Of importance to us is the Estimate (same as above) and the Std. Error which quantifies how precise our estimate is. Two standard errors is (roughly) the same as a 95% Confidence Interval. Thus, the slope on this fit is 33.2 new sea otters / year ± 6.18. This is definitely bigger than 0! We can also see that because the p-value (under column Pr(>|t|)) is very very very very small.

We can plot this linear model on our data:

plot(count ~ year, data = SeaOtters)
abline(otter.fit)

Log Transformation

We kind of knew the growth was not linear (otherwise this week’s topic wouldn’t have been called Exponential Growth). But how can we use a linear model to fit an exponential growth function?

With a simple transformation!

\[\log(Y_i) = \alpha + \beta\, X_i + \epsilon_i\]

How does this relate to an exponential growth model?

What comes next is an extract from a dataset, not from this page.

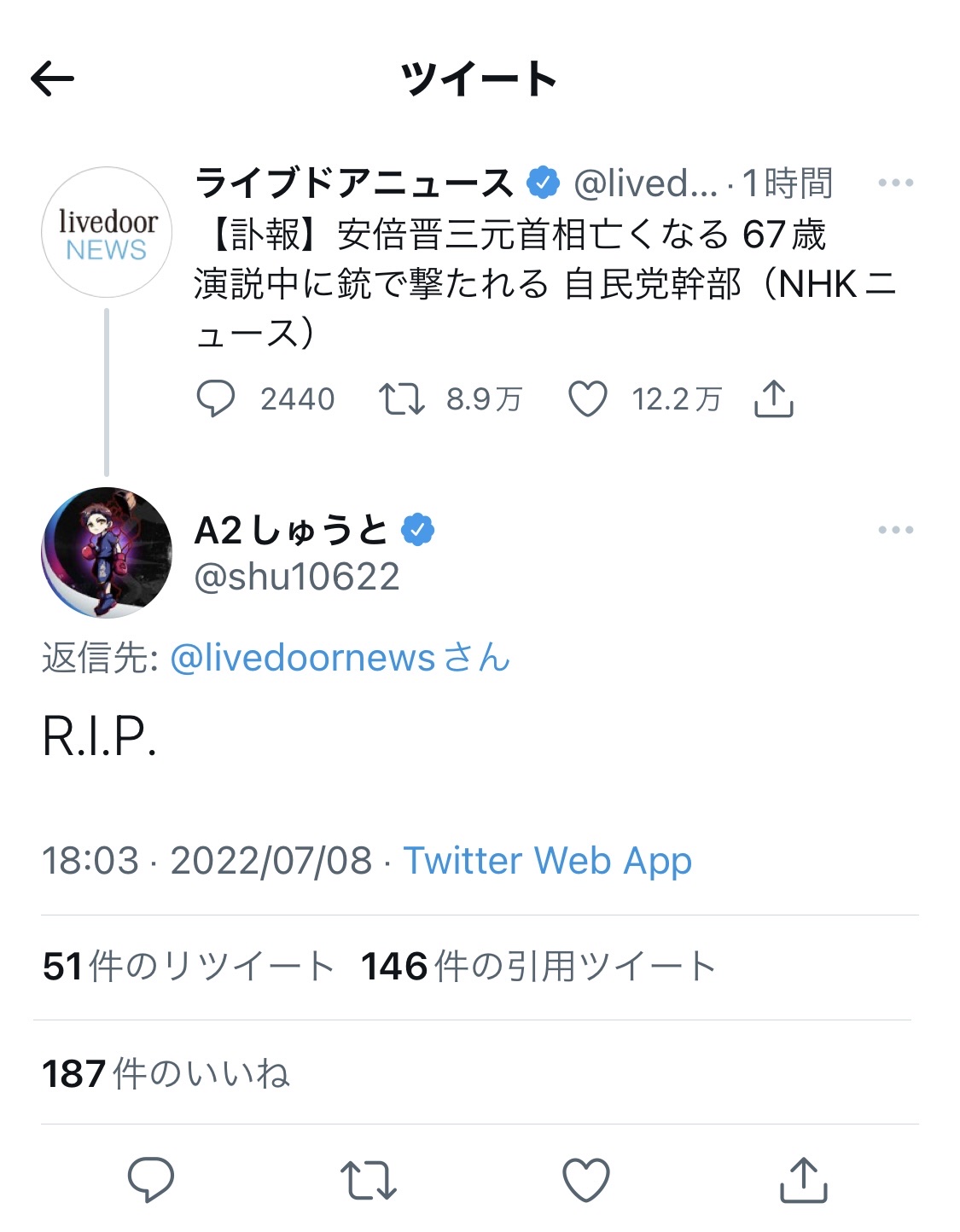 【悲報】プロゲーマーさん、安倍晋三氏の死去のニュースにふざけたリプを送り批判殺到

\[e^{\log(Y_i)} = e^{\alpha + \beta\, X_i + \epsilon_i}\] \[Y_t = N_0 e^{\beta\, X_t + \epsilon_t}\]

We just replaced \(e^\alpha\) with \(N_0\), and \(i\) with \(t\). But \(\beta\) is EXACTLY the growth rate \(r\) (and \(e^\beta = \lambda\)). The \(\epsilon_i\) hanging on the end is a bit of stochasticity.

Anyways, doing this with our linear modeling tools is easy. We just wrap count in a log.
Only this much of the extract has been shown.